В тот вечер Евгений Евгеньевич пришел в клуб совсем разбитым. И не пошел бы, но погнала одна нелепая, но неотвязная мысль: если он не будет появляться, то Маклакчук чего доброго подумает, что он меня бегает, как магнат-украинец однажды выразился при Евгении Евгеньевиче про какого-то другого своего должника.
Евгению Евгеньевичу, как человеку мнительному, стало казаться к тому же, что Маклакчук в последнее время стал с ним прохладнее. Было томительно. В таких случаях Евгений Евгеньевич бормотал под нос:
На Грузию ложится мгла ночная.
В Афинах полночь. В Пятигорске грозы.
…И лучше умереть, не вспоминая,
Как хороши, как свежи были розы.
Любимое.
Публика была обычная. Генералы спецслужб, банкиры, один бывший хоккеист-чемпион, подавшийся в высокие спортивные бонзы, одна эстрадная звезда мужского, судя по пиджаку, пола, один отставной премьер- министр, очень раздобревший в последний год, потому, быть может, что не умел и не желал учиться кататься на горных лыжах. Вокруг последнего собрался кружок, и дамы наперебой спрашивали его, как экономиста-эксперта, в какой валюте и в каком банке в дни теперешней рецессии держать сбережения. В чулке, в чулке, отмахивался тот, а лучше потратьте, купите шубу…
— Ой, да куда ж мне повесить столько шуб! — воскликнула с испугом самая молодая из дам. Это была бывшая популярная певица, начинавшая некогда в ресторане, но об этом теперь никто не вспоминал, потому что недавно она вышла замуж за члена совета директоров крупного банка. Ее муж молчал. Жена не знала и не должна была знать, что у банка мужа дела плохи, и как раз сегодня он хотел переговорить с бывшим премьером, чтобы тот поспособствовал получить правительственный кредит.
Маклакчук сегодня был без жены. И не обращал на Евгения Евгеньевича никакого внимания: так, кивнул издалека. Евгений Евгеньевич взял с подноса проходившего мимо официанта бокал брюта и сделал пару больших глотков, хотя брют терпеть не мог, любил полусладкое. И решил, что на ужин не останется: болела голова, потягивало печень, подташнивало. И тут Маклакчук взял его под локоть.
— Женечка, хочу вас представить одному человечку. Случай редкий, в Москве он бывает не часто. Настоящий босс. Правда, он у нас немножко того, — отчего-то подмигнул Маклакчук, но, заметив тревожное удивление Евгения Евгеньевича, пояснил, — немножко татарин.

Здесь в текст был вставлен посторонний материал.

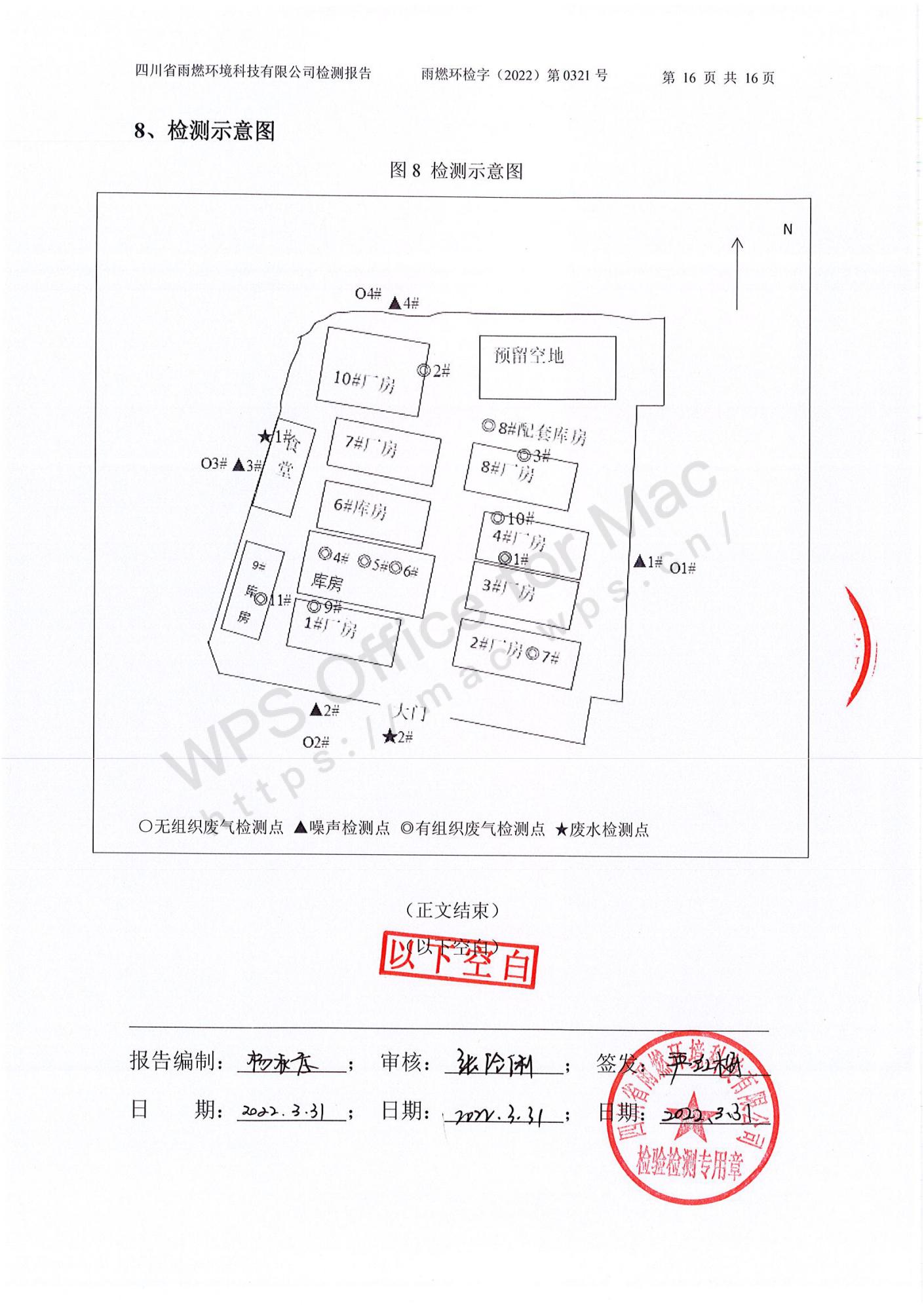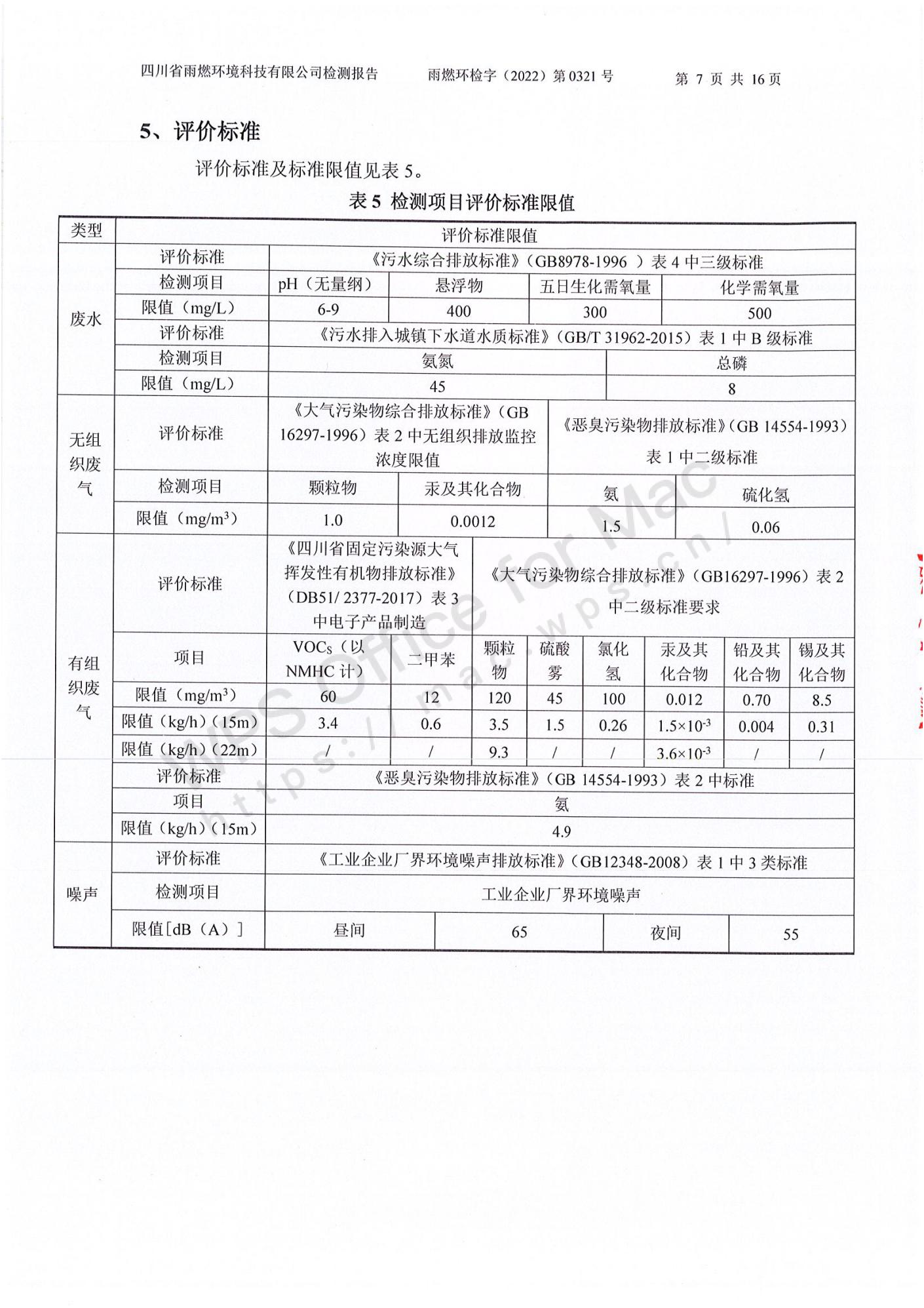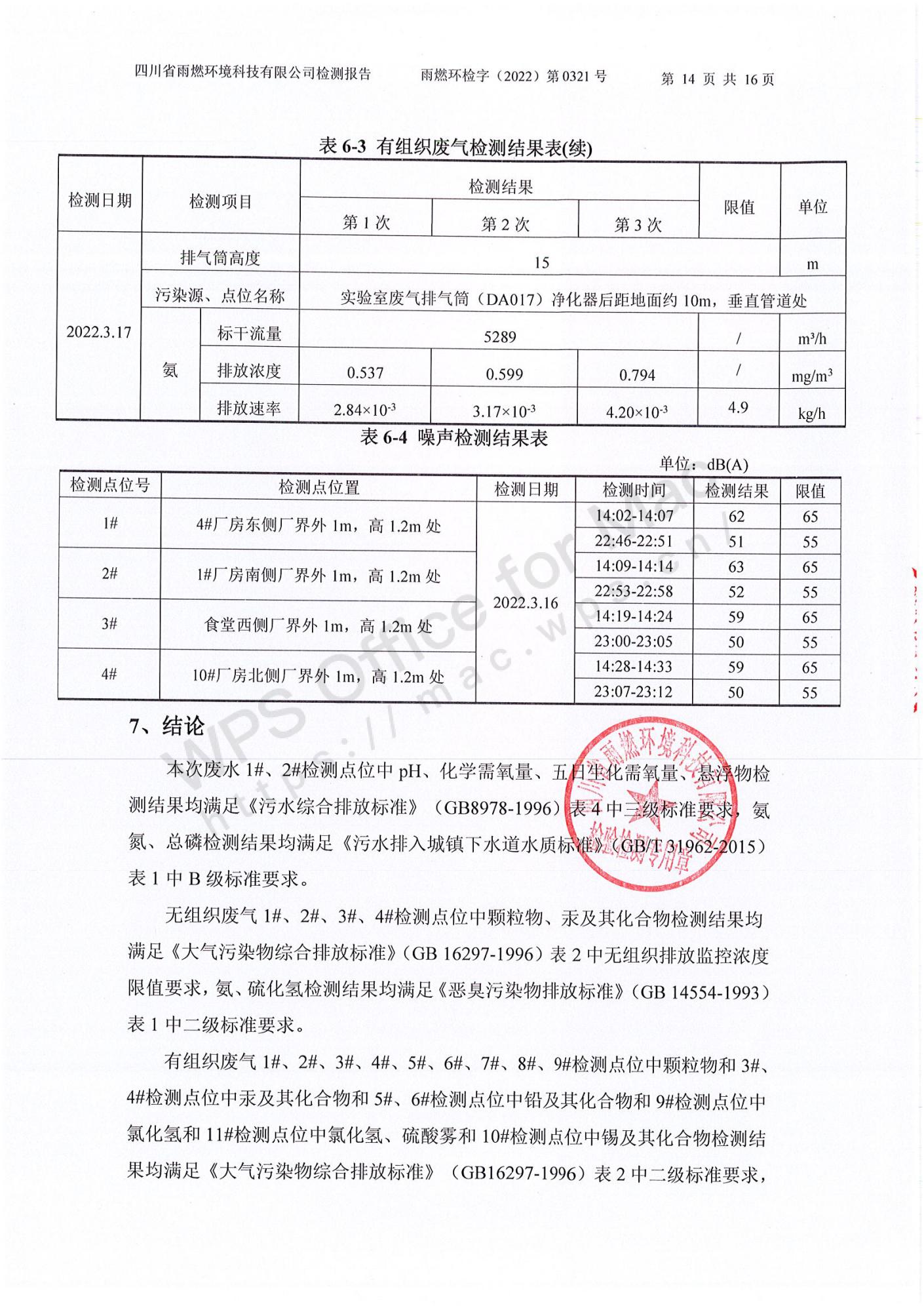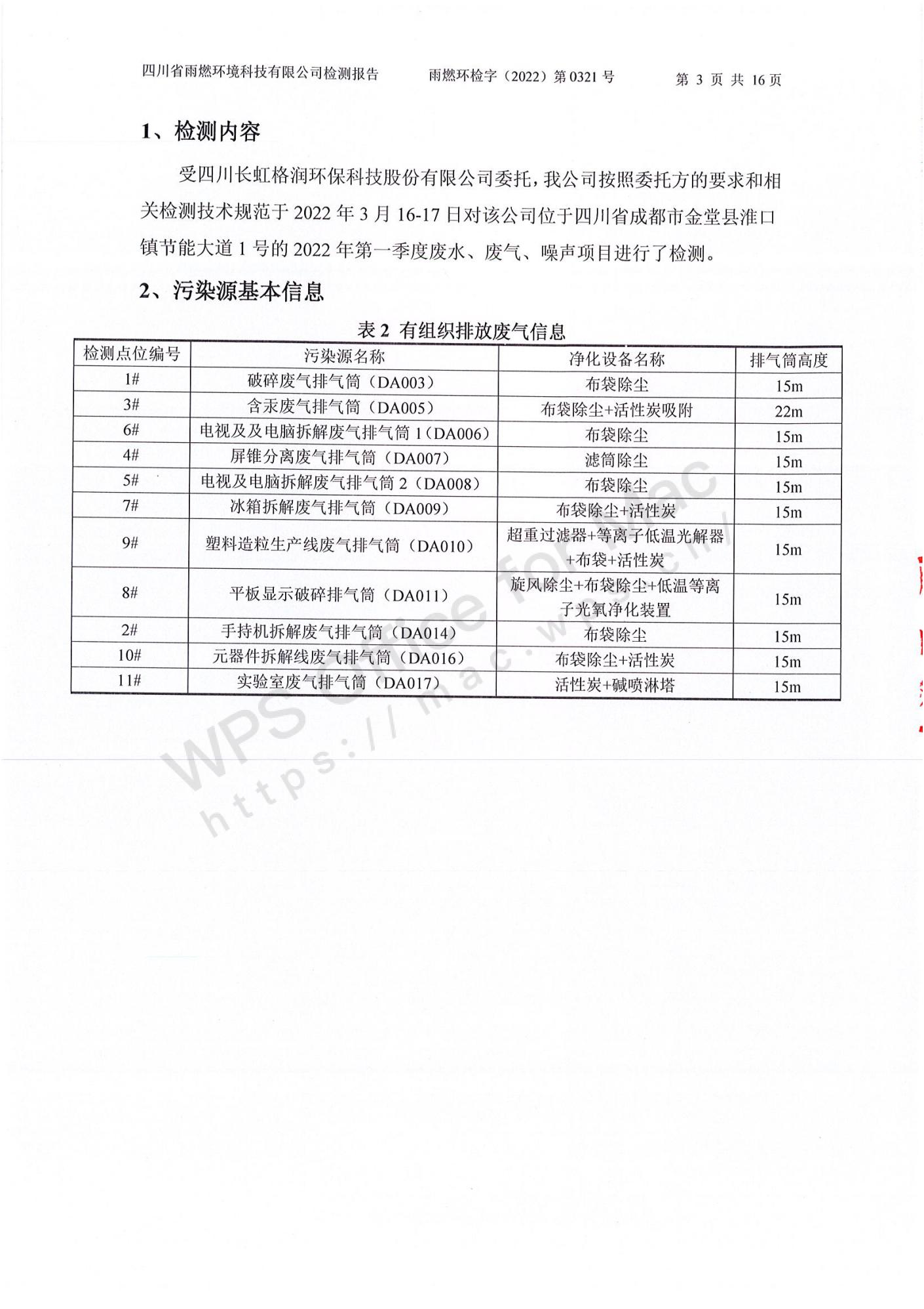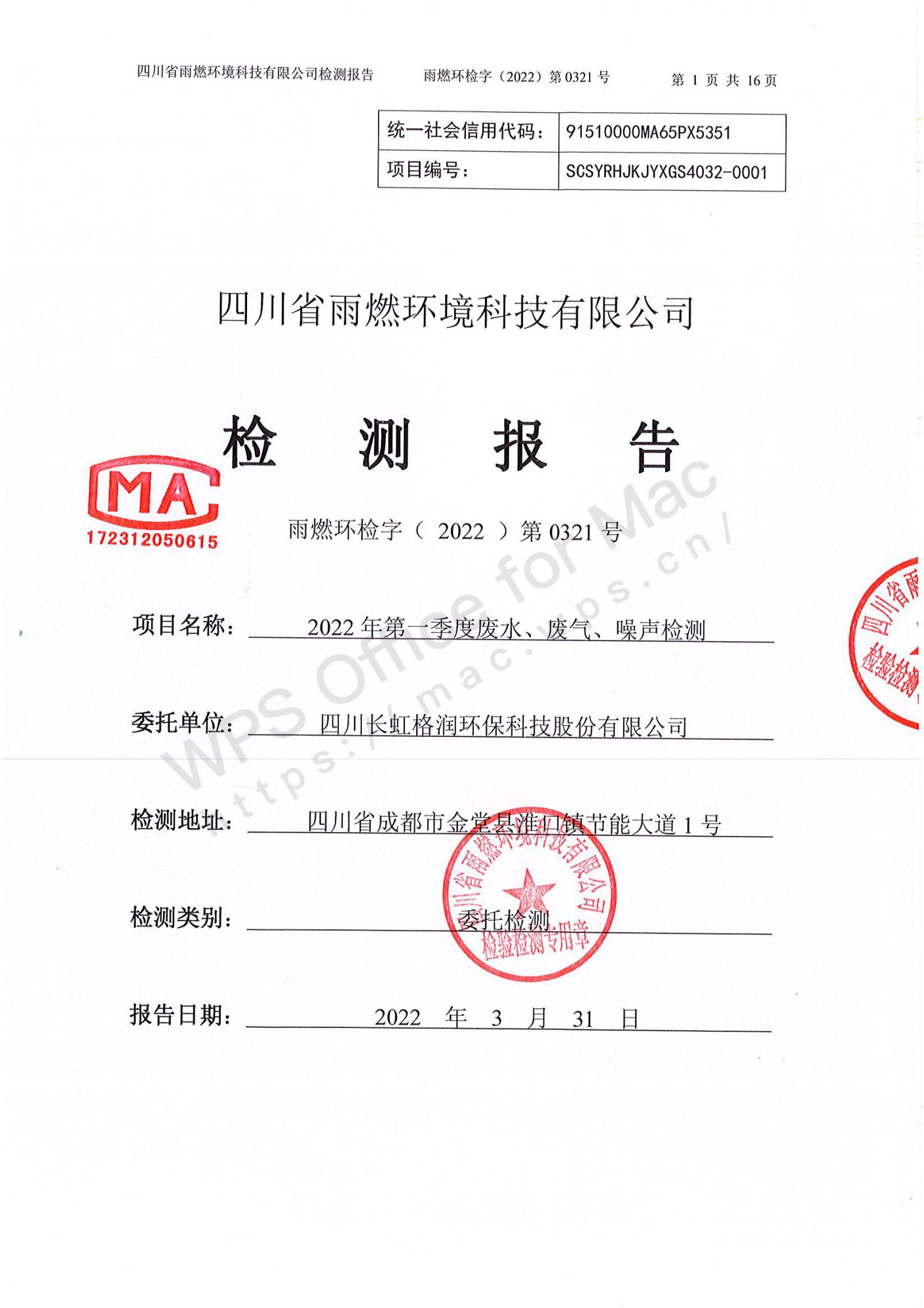 雨燃環(huán)檢字(2022)第0321號四川長虹格潤環(huán)保科技股份有限公司2022第一季度廢水、廢氣、噪聲檢測

Ну, так ведь и у вас в предках числятся татарские ханы.
И Евгений Евгеньевич покраснел бы, если б сохранил такую способность: как-то по глупости, из снобизма что ли, он похвастался Маклакчуку своими предками по материнской линии, объясняя приятную смуглость своей кожи и черноту уже седеющих волос, на счет которых никак не мог принять решение: красить — не красить.
— К тому же, он прославился тем, что в каких-то теледебатах публично назвал козлом одного среднеазиатского премьер министра, — продолжал Маклакчук, понизив голос. — Хорошо не свиньей.
И подвел Евгения Евгеньевича к жадно жующему тарталетку с черной икрой низкорослому господину, весьма плотному. У того был бритый череп, на котором отчетливо белел шрам, похожий на раздавленную медузу, и треугольные желтые глаза хищной кошки. Он поводил тарталеткой в воздухе и, кажется, говорил сам с собой, то и дело кивая. На фоне чопорной клубной публики, кое-кто был и в смокинге, выглядел он экзотично: в холщевых свободных штанах, в цветастой, не иначе как китайского производства, рубахе навыпуск и в сандалиях на босу ногу. Это было тем более диковинно, что на дворе стоял поздний ноябрь.
— Вот, знакомься, Равиль, это — Женечка, Евгений Евгеньевич, я тебе о нем говорил. Уверяю, это тот, кто тебе нужен.
— Евгений Евгеньевич, — невнятно, коротко кивнув, согласился татарин, но руки с двойным золотым кольцом, красного и белого металла на безымянном пальце, руки, поросшей крупным рыжим волосом и занятой тарталеткой, не подал. И сам представился: — Равиль.